_How to complete this task_
Restate the listing below word for word; no pictures belong in the copy.
####################
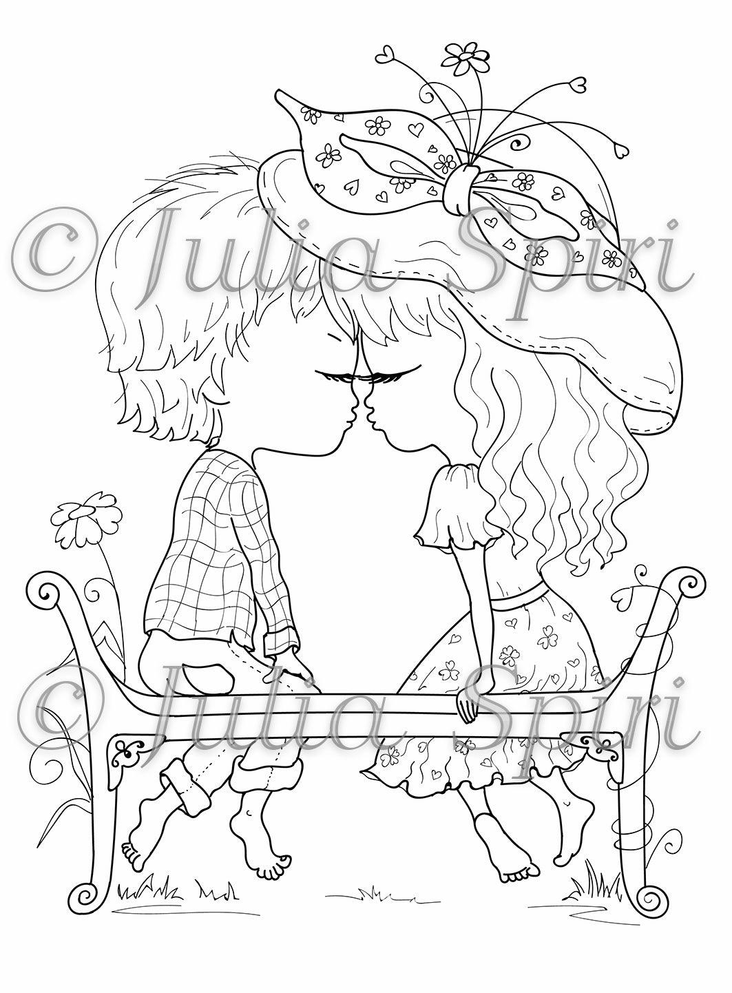 Coloring page, Boy and Girl in Love. The First Kiss
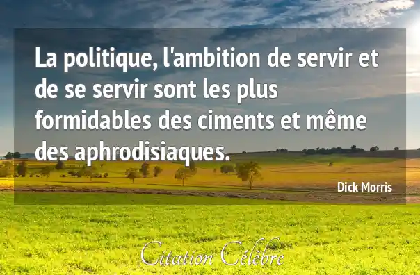La politique, l'ambition de servir et de se servir sont les plus formidables des ciments et même des aphrodisiaques.
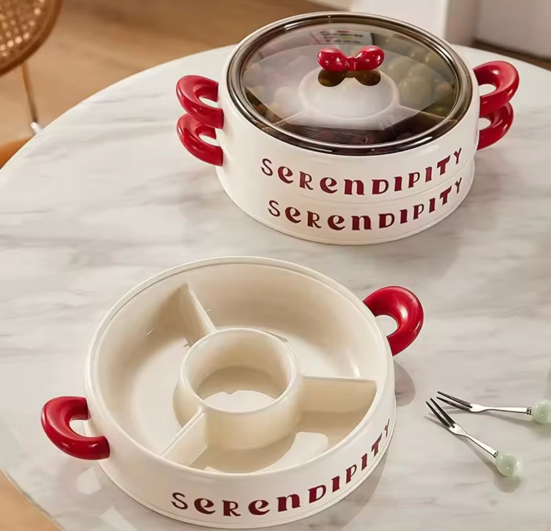 The Serendipity Divided Snack Tray is an elegant serving and storage solution designed to keep snacks fresh, organized, and beautifully displayed. With its signature bow-knot handle and clear dust-proof lid, it’s perfect for tea time, gatherings, or everyday countertop styling.
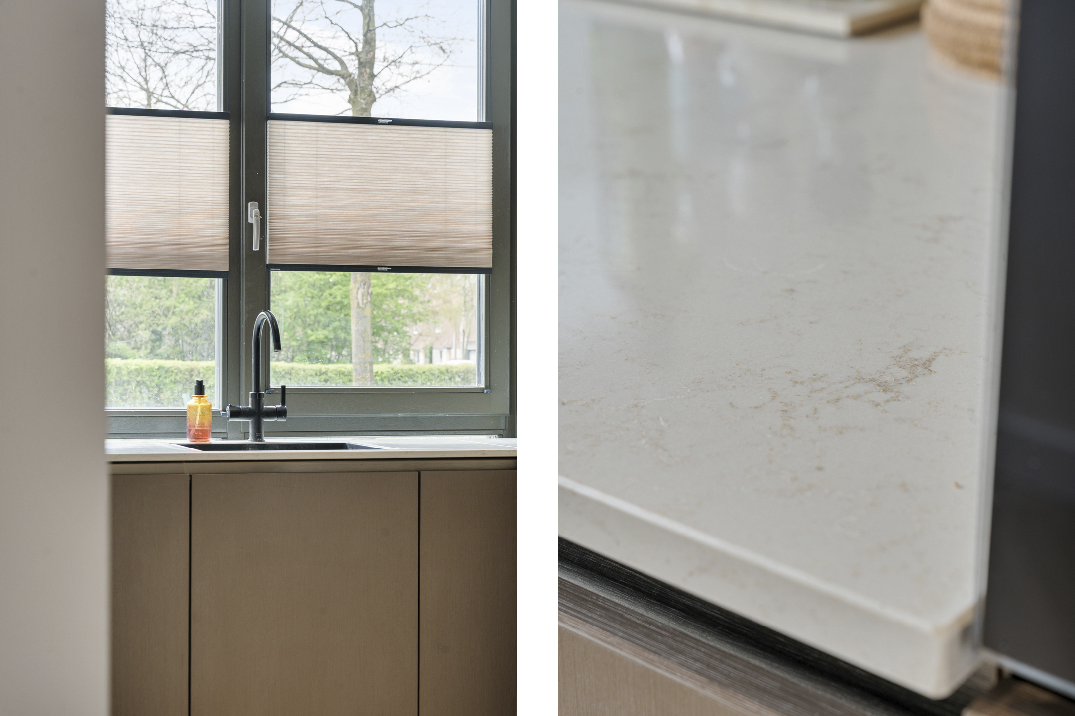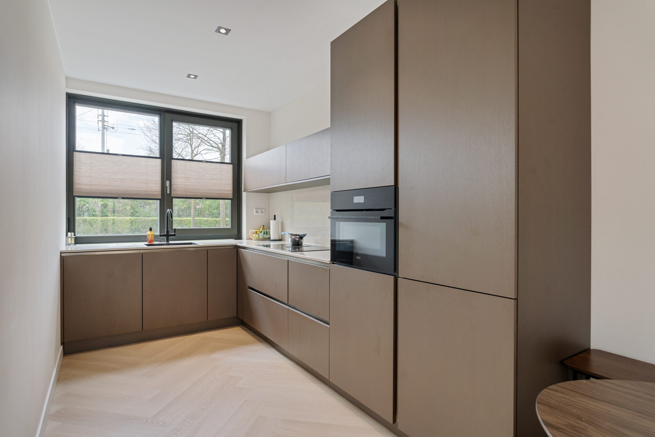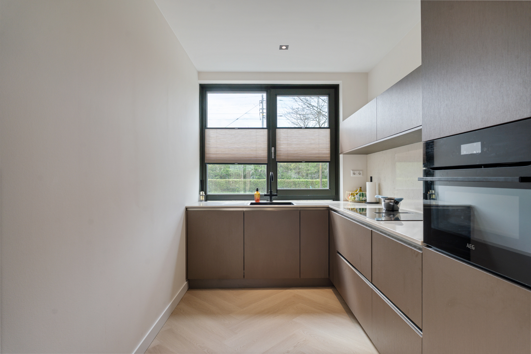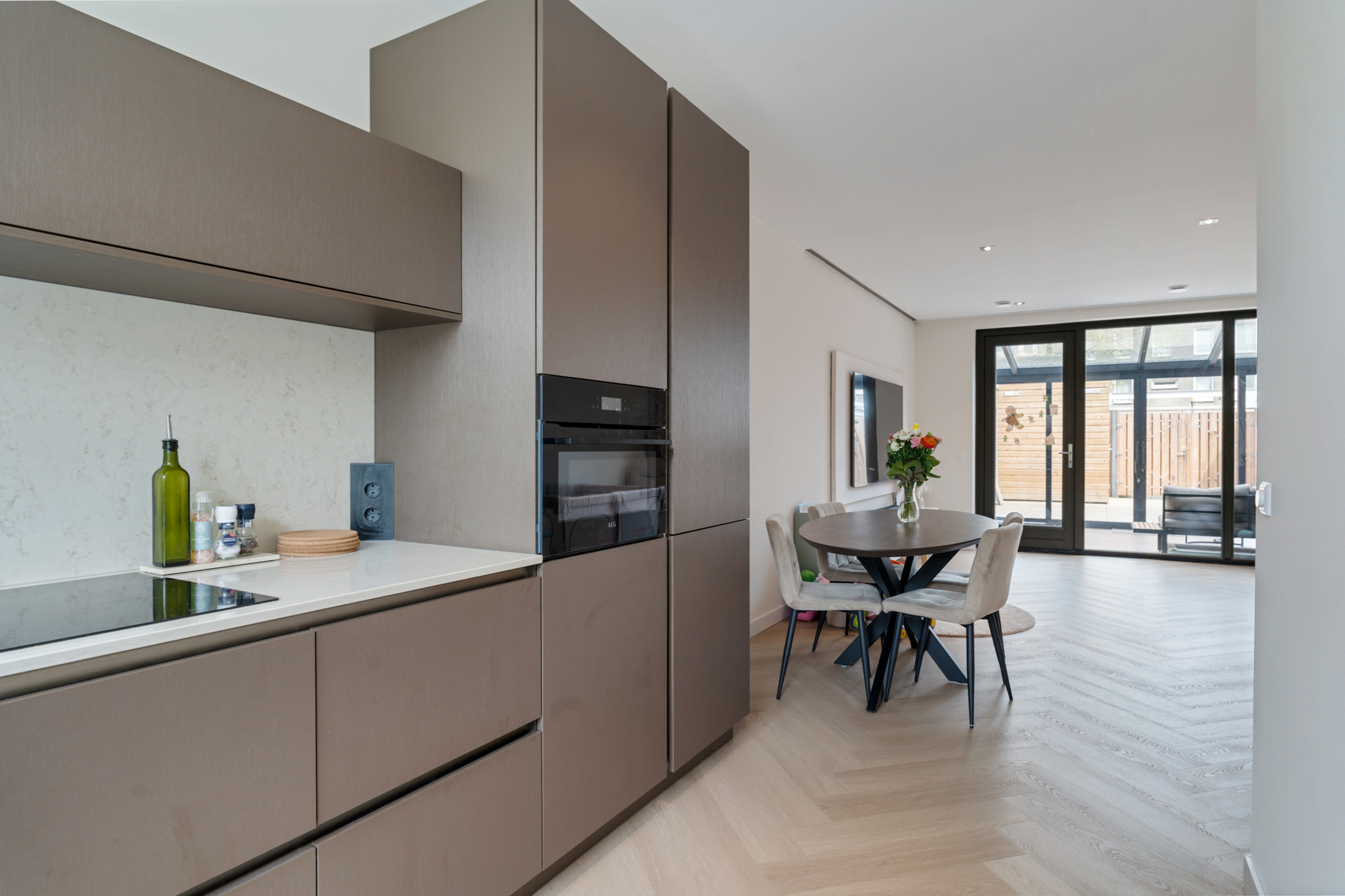Aan de voorzijde ligt de keuken, uitgevoerd in een stijlvol design met donkere kasten en een licht werkblad. Je beschikt hier over diverse inbouwapparatuur en voldoende werk- en opbergruimte. Dankzij het raam komt er prettig daglicht binnen en heb je leuk uitzicht op de straat. De open verbinding met de woonkamer maakt dit een ideale plek om te koken en tegelijkertijd contact te houden met je gezin of gasten.
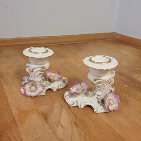 Vintage lysestage i porcelæn til kronelys.H 26 cm, B 16 cm.Har skår, gå til varen, for flere billeder.(Reol 1).
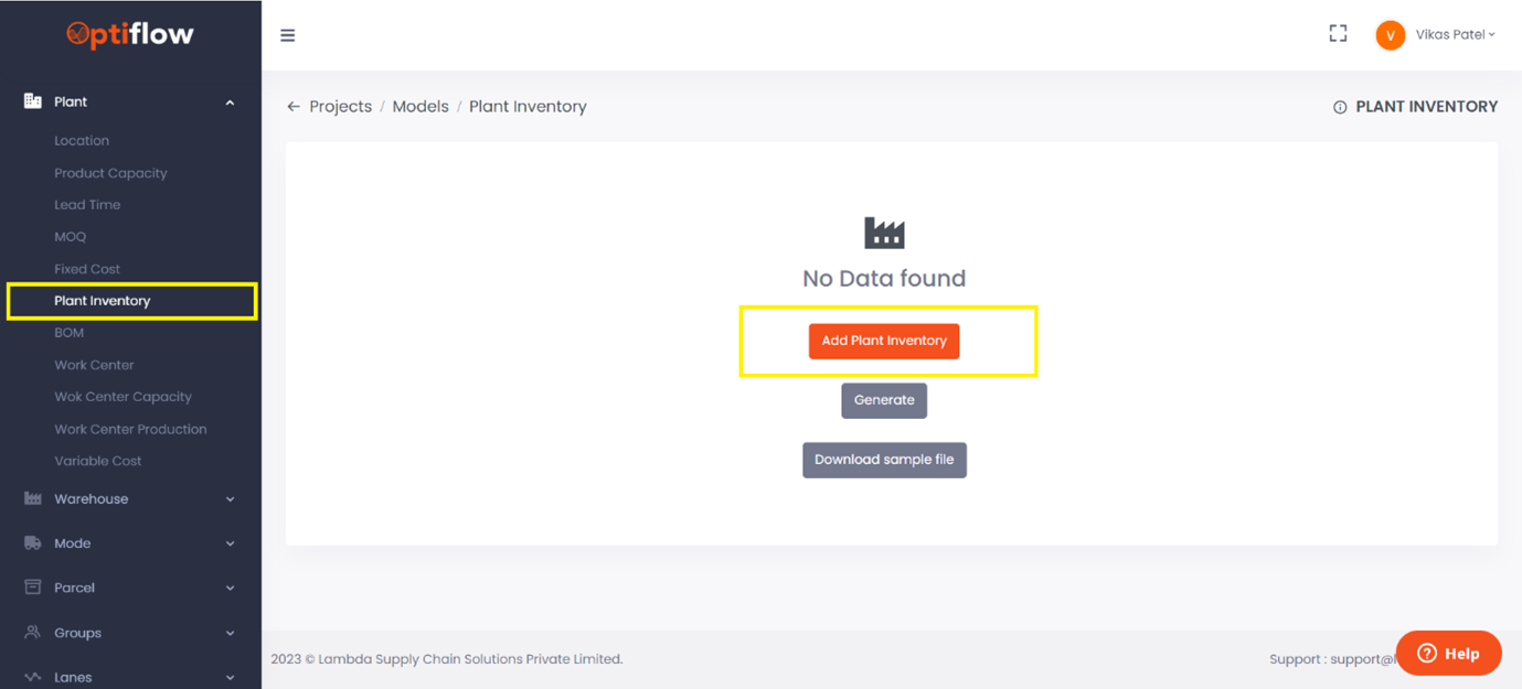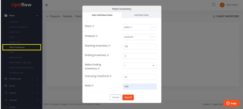 To add plant inventory, click on Plant Inventory under plants and then by clicking on add plant inventory, you can add individual data or bulk data under respective tabs.
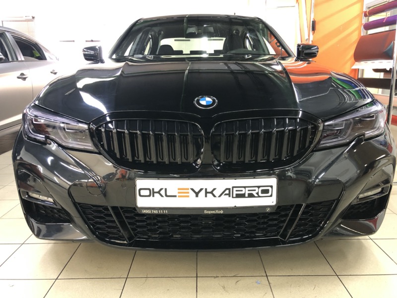 Что входит в услугу: оклейка капота, бамперов, крыльев, фар, стоек, дверей, ручек, зеркал, зоны погрузки, полоса на крышу, крышка багажника. Оклейка решетки радиатора в черный глянец.
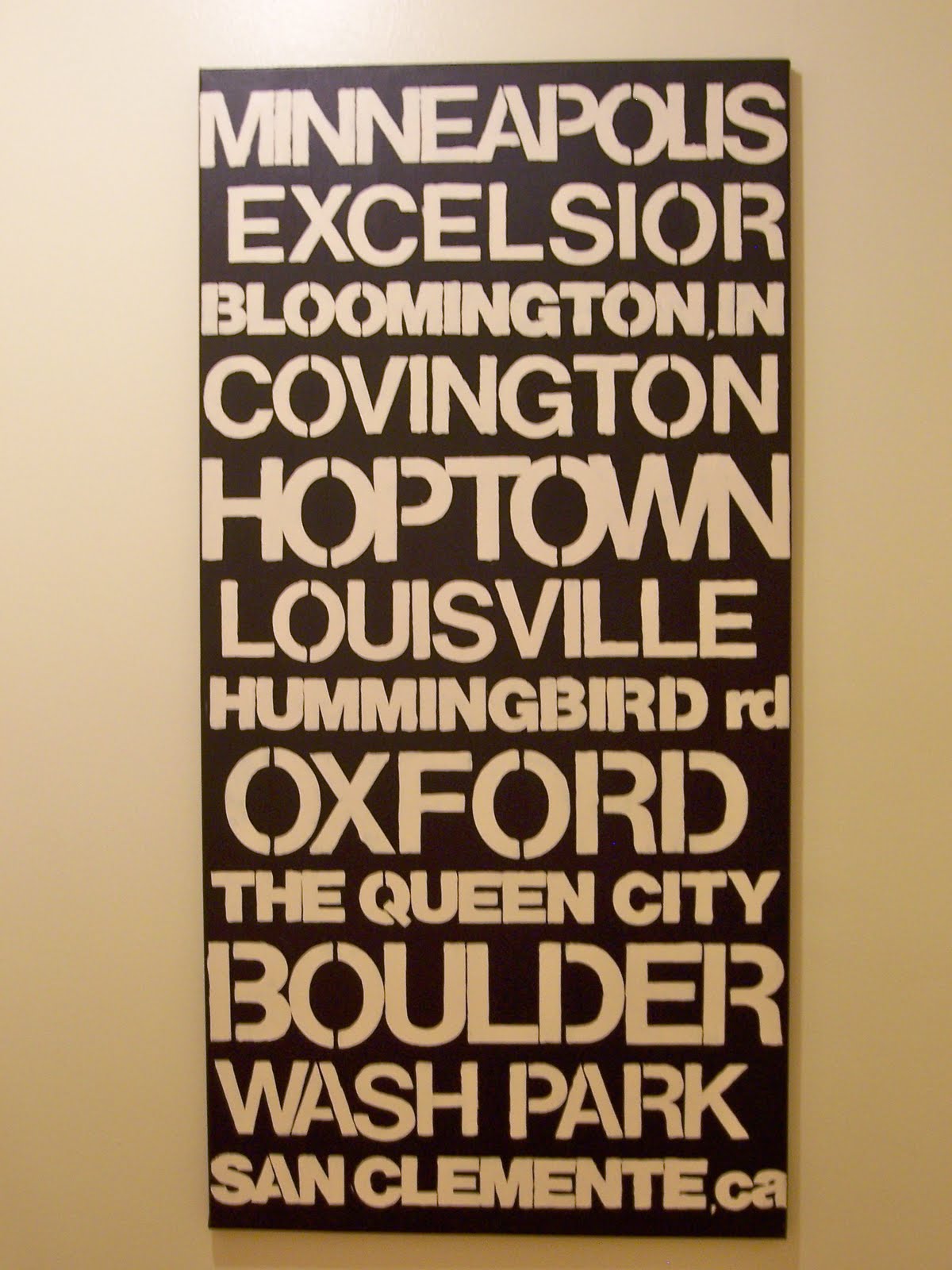 We created a list of every place Nick and I lived starting from birth until now. This is where you can get a little creative (i.e. instead of Cincinnati, we used the Queen City). This helps to switch it up. From there we taped together a paper “canvas” so we could see the spacing and make adjustments. This step is critical, I repeat critical.
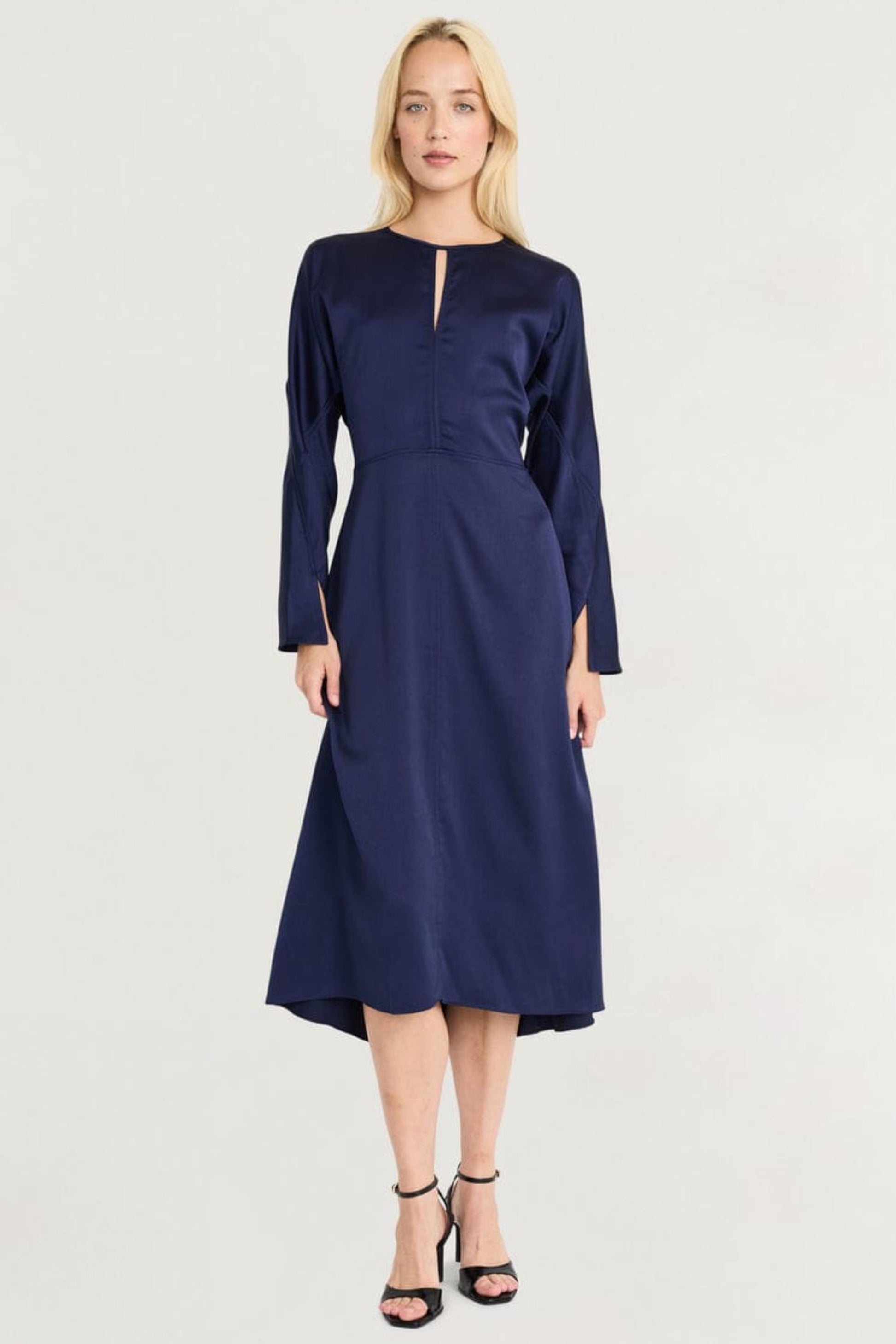Charmuse dress with peep hole neckline, slit sleeves, and piping detail. Dress is not lined, has hidden back zipper. STYLE: Y10111M
####################
_Result for this exercise_
 Coloring page, Boy and Girl in Love. The First Kiss
La politique, l'ambition de servir et de se servir sont les plus formidables des ciments et même des aphrodisiaques.
 The Serendipity Divided Snack Tray is an elegant serving and storage solution designed to keep snacks fresh, organized, and beautifully displayed. With its signature bow-knot handle and clear dust-proof lid, it’s perfect for tea time, gatherings, or everyday countertop styling.
Aan de voorzijde ligt de keuken, uitgevoerd in een stijlvol design met donkere kasten en een licht werkblad. Je beschikt hier over diverse inbouwapparatuur en voldoende werk- en opbergruimte. Dankzij het raam komt er prettig daglicht binnen en heb je leuk uitzicht op de straat. De open verbinding met de woonkamer maakt dit een ideale plek om te koken en tegelijkertijd contact te houden met je gezin of gasten.
 Vintage lysestage i porcelæn til kronelys.H 26 cm, B 16 cm.Har skår, gå til varen, for flere billeder.(Reol 1).
 To add plant inventory, click on Plant Inventory under plants and then by clicking on add plant inventory, you can add individual data or bulk data under respective tabs.
 Что входит в услугу: оклейка капота, бамперов, крыльев, фар, стоек, дверей, ручек, зеркал, зоны погрузки, полоса на крышу, крышка багажника. Оклейка решетки радиатора в черный глянец.
 We created a list of every place Nick and I lived starting from birth until now. This is where you can get a little creative (i.e. instead of Cincinnati, we used the Queen City). This helps to switch it up. From there we taped together a paper “canvas” so we could see the spacing and make adjustments. This step is critical, I repeat critical.
Charmuse dress with peep hole neckline, slit sleeves, and piping detail. Dress is not lined, has hidden back zipper. STYLE: Y10111M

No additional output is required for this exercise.